A team of scientists at UC San Diego and UC Irvine announced that they had made a CRISPR gene drive for the Anopheles Stephensi mosquito, and tested it upon 2 designated, edited males (10.1 and 10.2). Two generations of cross breeding layer, out of the 3,894 third-generation mosquitoes, 3,869 had the resistance gene. This meant that 99.5% of the offspring had successfully received the gene, which prevented them from becoming carriers of plasmodia. This is a significant breakthrough, which will allow for a significant reduction in carrier-hosts of the malarial parasite, and drastically reduce the number of infant deaths. Each mosquito births approximately 300 nymphs, which means that a swift transfer in this resistant gene will be made possible across the Anopheles gambiae, Anopheles coluzzii, and Anopheles arabiensis species, which hold the greatest responsibility in transmitting the disease.
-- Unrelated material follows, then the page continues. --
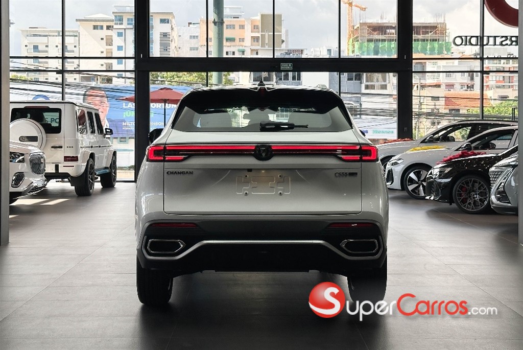 —-NUEVA—- CHANGAN CS55 PLUS TOURING 2027 Detalles: Motor y desempeño • Motor: 1.5 L Turbo Blue Whale, 4 cilindros • Cilindrada: 1,494 cc • Potencia: 185–192 hp aprox. • Torque: 300–310 Nm • Transmisión: automática DCT de 7 velocidades (doble embrague) • Tracción: delantera (FWD) • Modos de manejo: Eco / Normal / Sport Consumo y combustible • Combustible: gasolina • Consumo combinado: 6.9 L/100 km (˜14.4 km/l) • Tanque de combustible: 55 L aprox. Dimensiones y capacidad • Largo: 4,515 – 4,539 mm • Ancho: 1,865 mm • Alto: 1,680 mm • Distancia entre ejes: 2,656 mm • Peso aprox.: 1,445 kg • Capacidad: 5 pasajeros Suspensión y ruedas • Suspensión delantera: McPherson • Suspensión trasera: Multilink • Frenos: discos en las cuatro ruedas • Rines: 19 Equipamiento tecnológico (Touring / alta gama) • Pantalla multimedia 12.3 • Panel de instrumentos digital 10 • Apple CarPlay / Android Auto • Cámara 360° • Techo panorámico • Cargador inalámbrico para smartphone • Llave inteligente y arranque por botón Seguridad • Hasta 6 airbags • Control de estabilidad (ESP) • Control de tracción • Asistente de mantenimiento de carril • Control crucero adaptativo (ACC) • Sensores y cámara de estacionamiento Visita ya nuestro #ShowRoom y obtén una prueba de manejo en esta o cualquier unidad de tu preferencia! INFORMACIÓN, COTIZACIÓNES & ASISTENCIA: WhatsApp: (829) 619- 8171 (809) 774- 3611 (809) 884-8931 (829) 816-2507 (809) 913-8876 (809) 683-3917 — F i j o - C e n t r a l -Recibimos tu vehículo usado al mejor precio del mercado -Entrega y servicio a domicilio en cualquier parte del país -Laminado 3M gratis -Mejor servicio Post-Venta del país

In addition, scientists are also looking towards cutting down the populations of mosquitoes by producing infertile female mosquitoes. This will prevent the rapid rates of population consolidation, and lower the threats posed bye malaria. However, significant backlash is being produced from biotech watchdogs, such as Friends of the Earth, due to the potential harm that may be unleashed. It is necessary for rigorous testing to take place, so as to avoid disaster, yet speed and efficiency are essential in removing this pandemic from the face of the Earth.